PHS Commissioned Corps Officers interested in performing the duties of this position within the Commissioned Corps may apply online to this announcement under noncompetitive merit promotion procedures. Candidates will be referred to (CC) personnel and not as candidates for conversion to a permanent career or career-conditional appointment.
This job opportunity announcement may be used to fill additional vacancies.
As a Chemical Engineer in the Center for Drug Evaluation and Research, you will be responsible for:
- Providing special scientific expertise in the areas of both chemistry and engineering to respond to issues related to pharmaceutical manufacturing, formulation development, and drug product performance.
- Providing technical leadership and guidance in the understanding and regulation of the physical/mechanical processes of manufacturing products and the related quality control procedures.

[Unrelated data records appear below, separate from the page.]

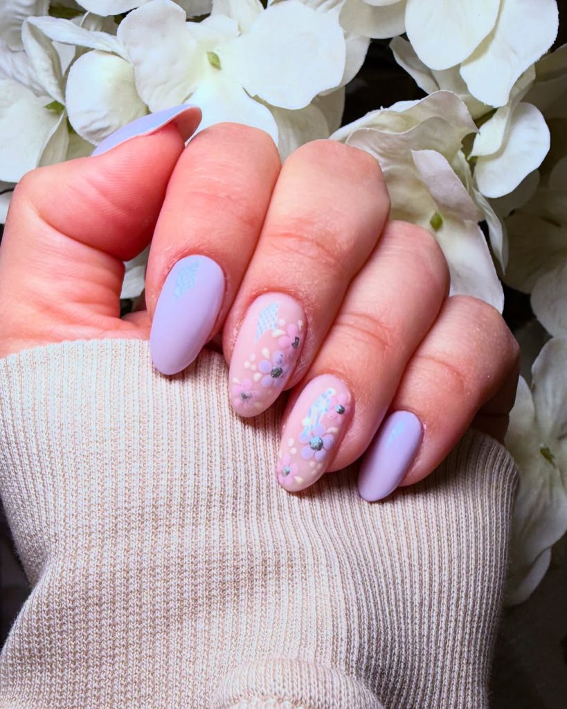 These nails feel calm, cozy, and beautifully balanced. The lavender tone is soothing and elegant, while the soft texture and tiny accents give the design depth without overpowering it. It’s understated spring beauty at its best—gentle, feminine, and effortlessly stylish.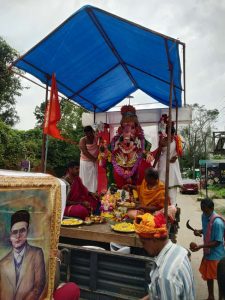 ಮೆರವಣಿಗೆಯ ದಾರಿಯುದ್ದಕ್ಕೂ ಭಕ್ತಾದಿಗಳು ಗಣಪನಿಗೆ ಹಣ್ಣುಕಾಯಿ ಅರ್ಪಿಸಿದರು.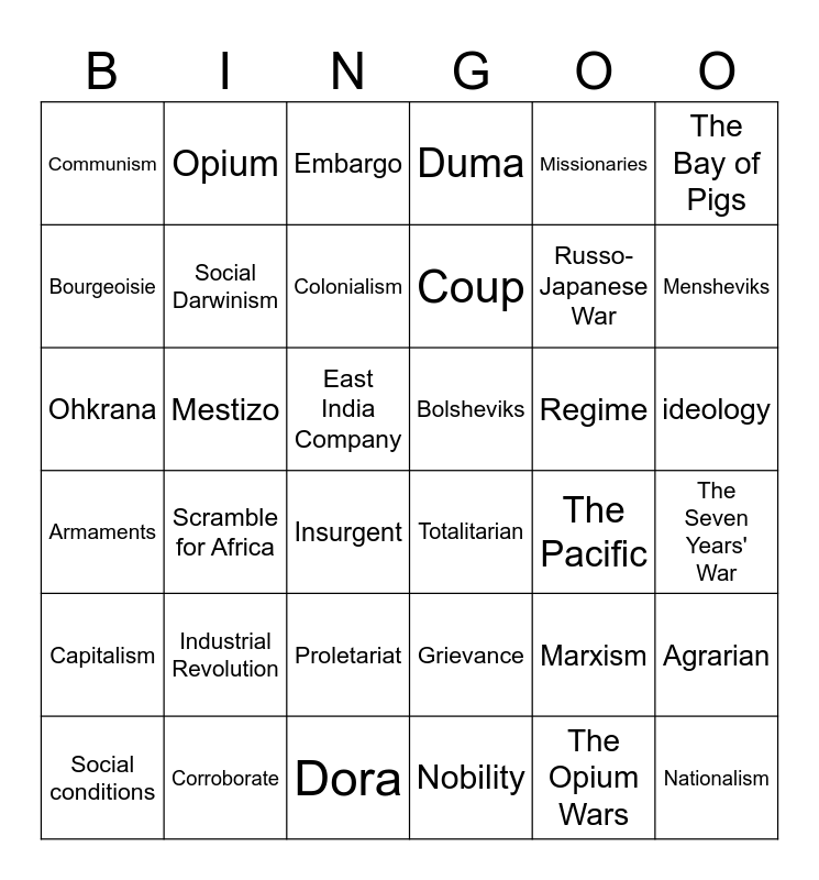 This bingo card has 36 words: Grievance, Proletariat, Nobility, Bourgeoisie, Armaments, Bolsheviks, Social Darwinism, Dora, Missionaries, Marxism, Mensheviks, Duma, Agrarian, Mestizo, Coup, Communism, Capitalism, Regime, Ohkrana, Embargo, East India Company, Scramble for Africa, Totalitarian, Insurgent, The Pacific, Opium, Russo-Japanese War, Corroborate, Colonialism, The Bay of Pigs, Nationalism, Social conditions, The Seven Years' War, ideology, Industrial Revolution and The Opium Wars.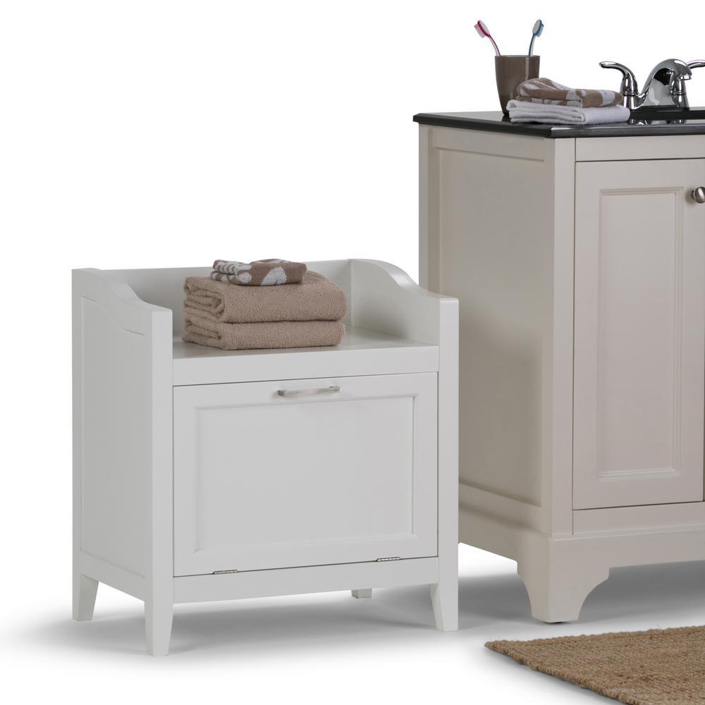 If you need a little spot to sit while drying or dressing, try this handy storage bench. The top can be used to stack extra towels and bath items. While the hamper style cabinet is an ideal storage space for paper supplies and more.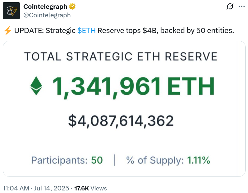 По всем направлениям корпоративные эфирные резервы в настоящее время достигли почти 1,34 миллиона ETH, стоимостью почти 4,1 миллиарда долларов на момент написания.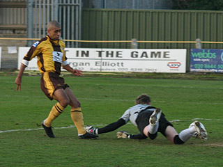 U’s v Bishops Stortford (22/12/07) Final score: 0-1 The U's almost had a point in the bag, but an awful decision from the linesmen saw Stortford steal a goal in the final minute. The U's produced few chances themselves although an early shot from Liam Wright and then a flurry of good corners towards the end of the first half did call the Stortford defence and 'keeper into action. Sutton also had a good shout for a penalty when Craig Dundas' shot was handled at the near post. Team: Phil Wilson, Dean Sammut, Lewis Gonsalves, Jack Haverson, John Scarborough, Bashiru Alimi, Liam Wright, Paul Honey (Jason Goodchild), Craig Dundas, Rob Hughes, Nicky Greene. Subs (not used): Alan Bray, Tom Hughes, Bernard Collignon, Jason Goodchild, Gareth Williams. Goals: - Stortford: Welch, Jones, Lunan, Edwards, Goodacre, Stanbrook, Langer, Mason (Harris), Pearson, Midson, Dean (Champion). Goals: Pearson (90)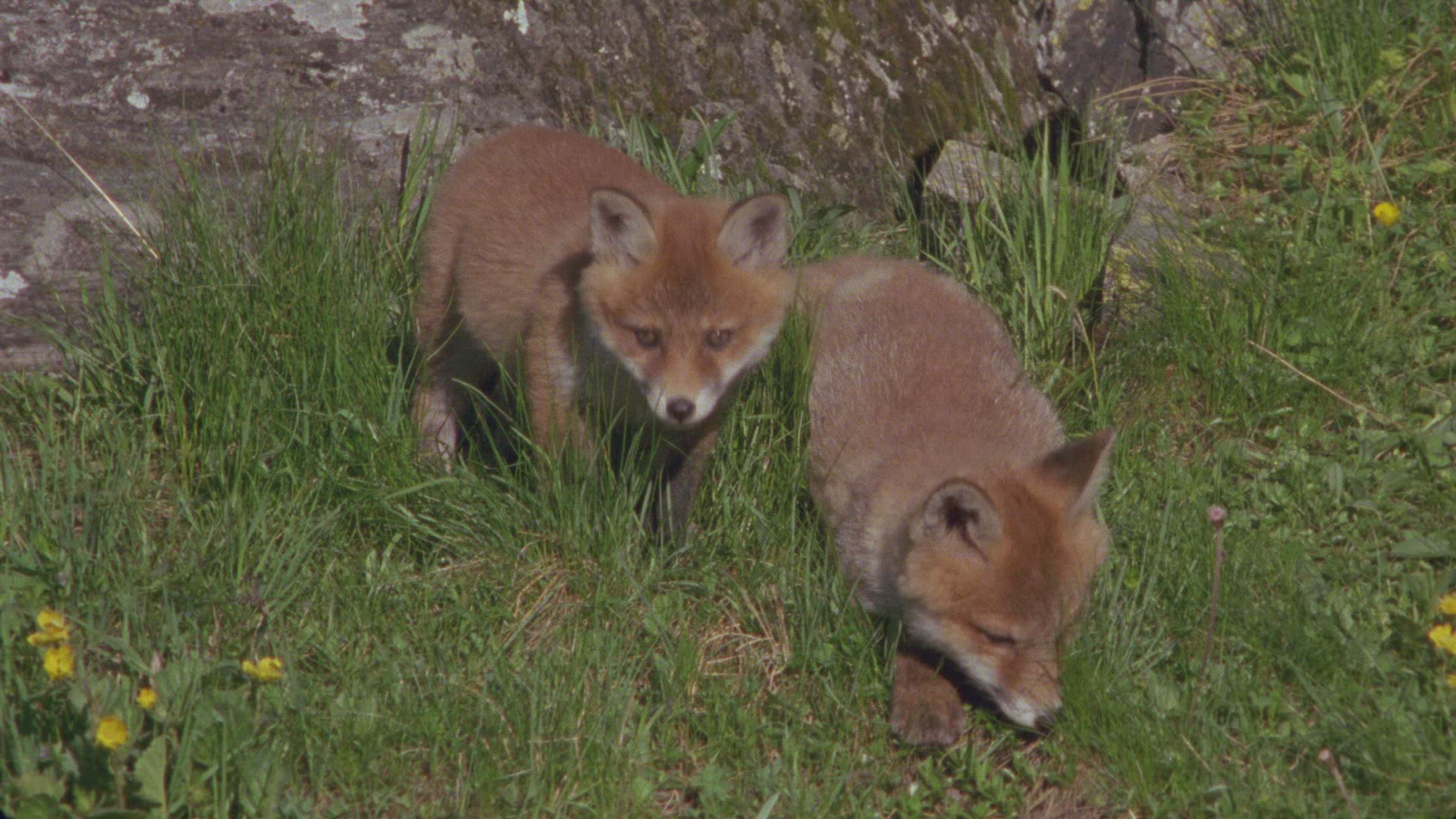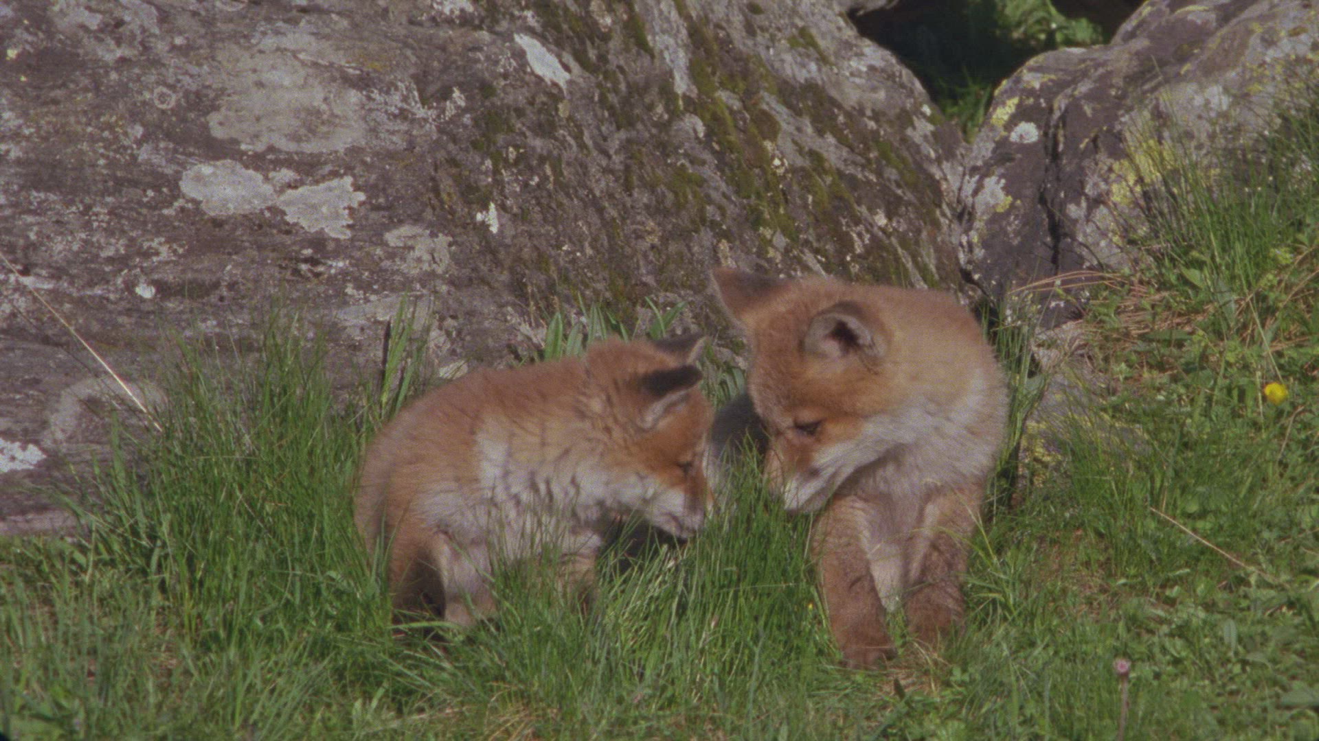 > 1962: two black puppies lying on grass someone playing teasing cute fluffy YORBA LINDA CALIFORNIA

- Reviewing a wide range of drug applications received from the pharmaceutical industry to determine the adequacy of Chemistry, Manufacturing, and Controls (CMS), conducts/manages research to develop new CMC standards, and improves existing standards,
- Preparing responses to the citizen petitions and other correspondence inquiries from congressional representatives, national and international organizations on matters related to the processes involved in the design, manufacture, and controls of generic drugs.